Do you remember that one time I was talking about making pink icing and we wanted it darker so I said to add brown, because it has an orange base? Yeah...that didn't make sense to a lot of people. It took me a long time to realize that Americolor Chocolate Brown had an orange base. But it took me a lot less time to realize that black has a purple base to it. I mean...have you LOOKED at your hands after you get black food coloring on them?

The way I see it, you have a couple of choices to make. You can spend the next 4 months analyzing what happens each time you add a certain color to a different color and see what patterns you find...OR...you can get a "guide" to the color bases of your food coloring.

Also, you can either do this yourself, or let your children do it. You know, in the name of "education" and "providing quality learning activities in the middle of summer when all your children want to do is lie on the couch and stare at the ceiling and complain about how there is never ever ever anything to do besides lying on the couch and complaining."

So...you know...your choice.


You need some seriously fancy equipment for this -- a bowl of water, food color, and a paper towel. Email me if you have any trouble acquiring these items. I can give you a list of suppliers.

Draw a line of food color across the bottom of a paper towel. Honestly, I just blob up a bit of food color and then swipe the paper towel across. It doesn't need to be beautiful or perfect or anything at all that would make you or your not-bored children stressed out.

Put the bottom edge of the paper towel in the water. The water will creep up the paper towel and across your line of food color.

As the water crosses your food color line, it will start to separate into different colors. (See the blue coming out on the top right?) Once the water is an inch above your line, set the paper towel somewhere flat and dry. It will continue to spread as it dries. 

This is, obviously, black. Isn't it cool? I can see at least 3 different colors in it -- turquoise, blue, and magenta. And now it makes sense why your icing turns out kind of a purple gray instead of black when you don't add quite enough black food coloring. And why a true gray is so hard to achieve. Any guesses what you would add to make it more gray and less dirty lavender? (Here's a hint. I would add a smidgeon of green.)

Brown is my favorite because it turned out looking like a campfire. We already talked about how this brown is orange based. It is very easy to see that in this picture! You can also pick up the traces of pink and...surprisingly -- light green along the top edges. (It makes sense though, right? If there wasn't green in there...it would be just orange.)

This explains everything, I think. People are always asking me how to make a deeper blue. And I tell them to add purple and then they think I grew another head and started dancing the polka on top of a school bus in the rain. Seriously though -- that's all that those crazy-smart color people at Americolor did. The two color washes are nearly identical except for the purple color at the bottom of the royal blue.

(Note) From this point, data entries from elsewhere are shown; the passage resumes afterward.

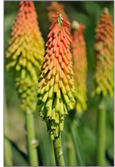
Fire Dance Torchlily flowers

Amazing red, orange, and bright yellow flower stalks rise from grassy, evergreen foliage in midsummer, creating a brilliant border or container planting; makes a great cutflower and attracts hummingbirds
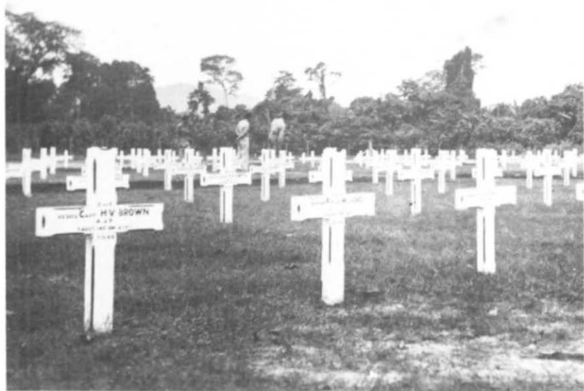
War graves at Torokina, Bougainville. The grave on the left is that of Captain Brown, OC "D" Coy, who was killed in an aeroplane crash in 1944.
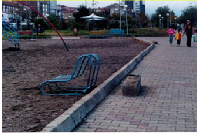
Figure 1. Ahmet Şener Park.

result, availability of measures to alleviate such action in terms of space and equipment is questioned.
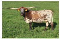
ANGEL FROM ABOVE 1314
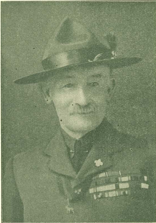
WORLD CHIEF SCOUT

B OY SCOUTING, as we know it to-day, had its beginnings in the actual experiences of Robert Baden Powell, schoolboy of Charterhouse, some 60 years ago. He wrote in the "Boys Own Paper" in 1926, that he began Scouting "half out of bounds at school. Our playing fields were on the plateau top of a hill, whose steep sides were clothed with a regular jungle of brushwood and copse. And there I used to sniggle away and set snares for rabbits. If and when I caught one—which was not always—I skinned him and cooked him and ate him—and lived.
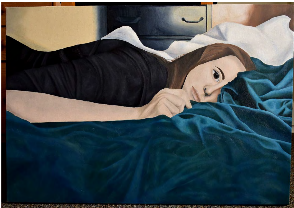
Woman on Bed, Oil on Canvas
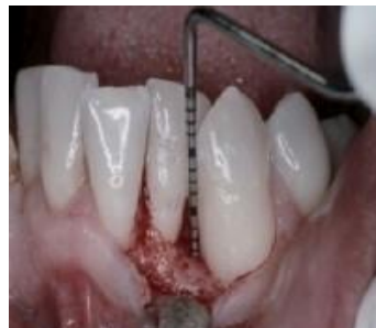
Figure 5. 1-year post surgery showed a material that appeared to be similar to bone. Fill appeared to be 95%
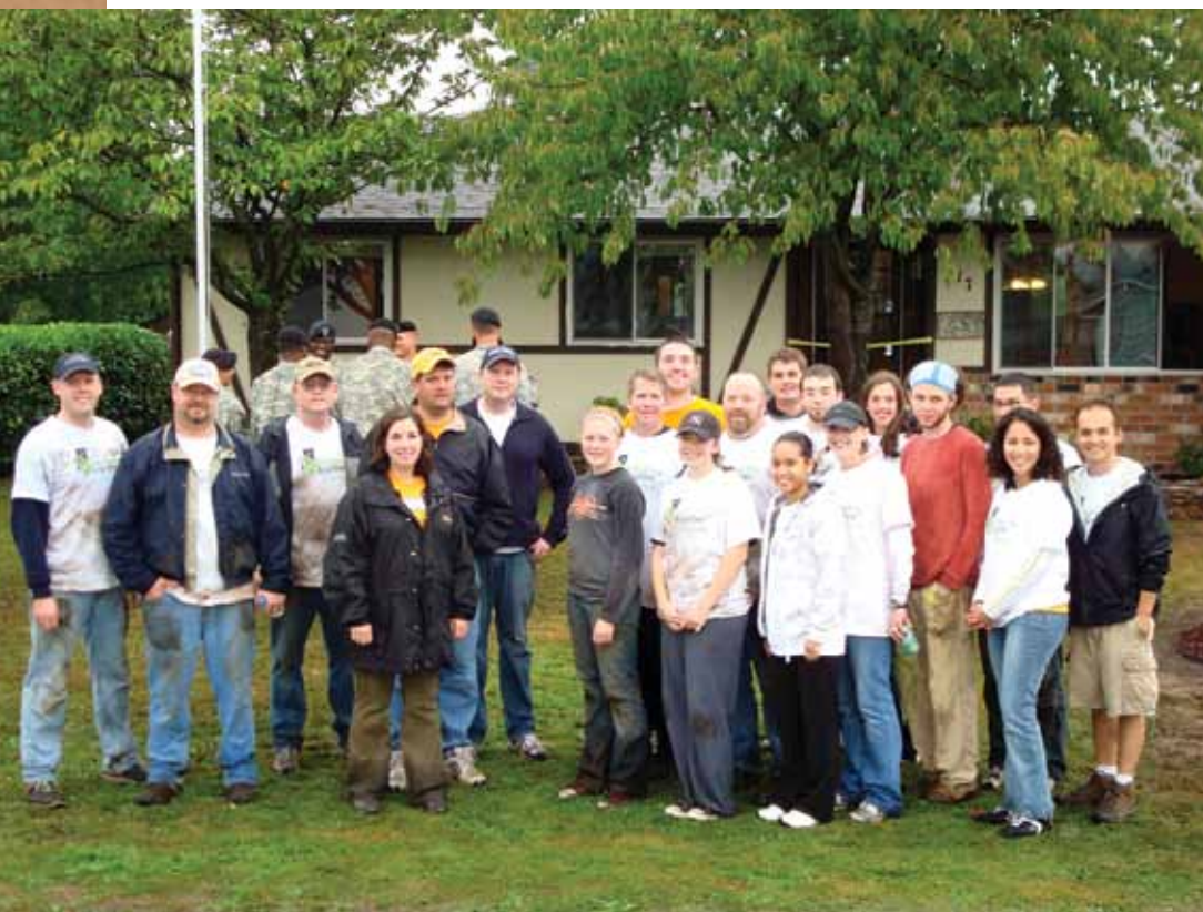
The wonderful volunteer team.
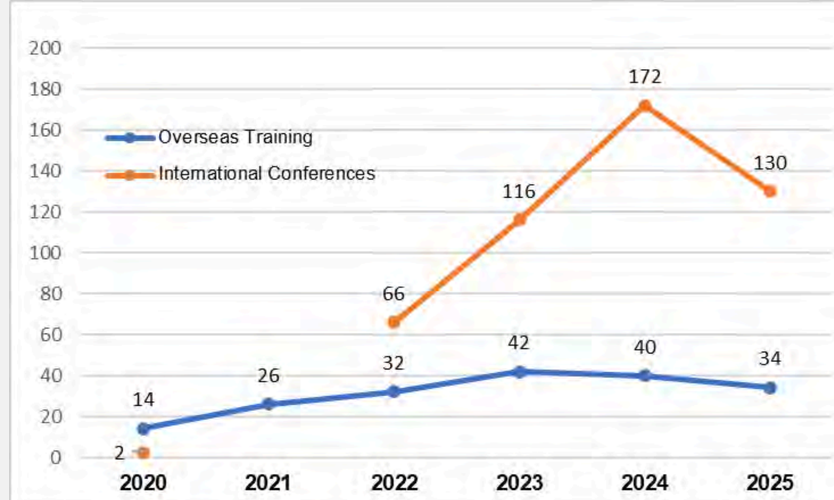
Figure 1: Number of Staff Participating in Overseas Training and International Conferences (2020–2025)

And greens. Getting *that* particular shade of green used to be very difficult for me before I realized that all greens are not created equal. Leaf green is heavy on the yellow with a bit of blue added in. Forest green has three different shades of blue, some turquoise, and some yellow. It would be safe to say that this would not be the food color shade of choice if you were trying for a spring green.

I ran out of attention span before I could do anymore. Feel free to put your children to work and see what your own favorite food color shades are hiding!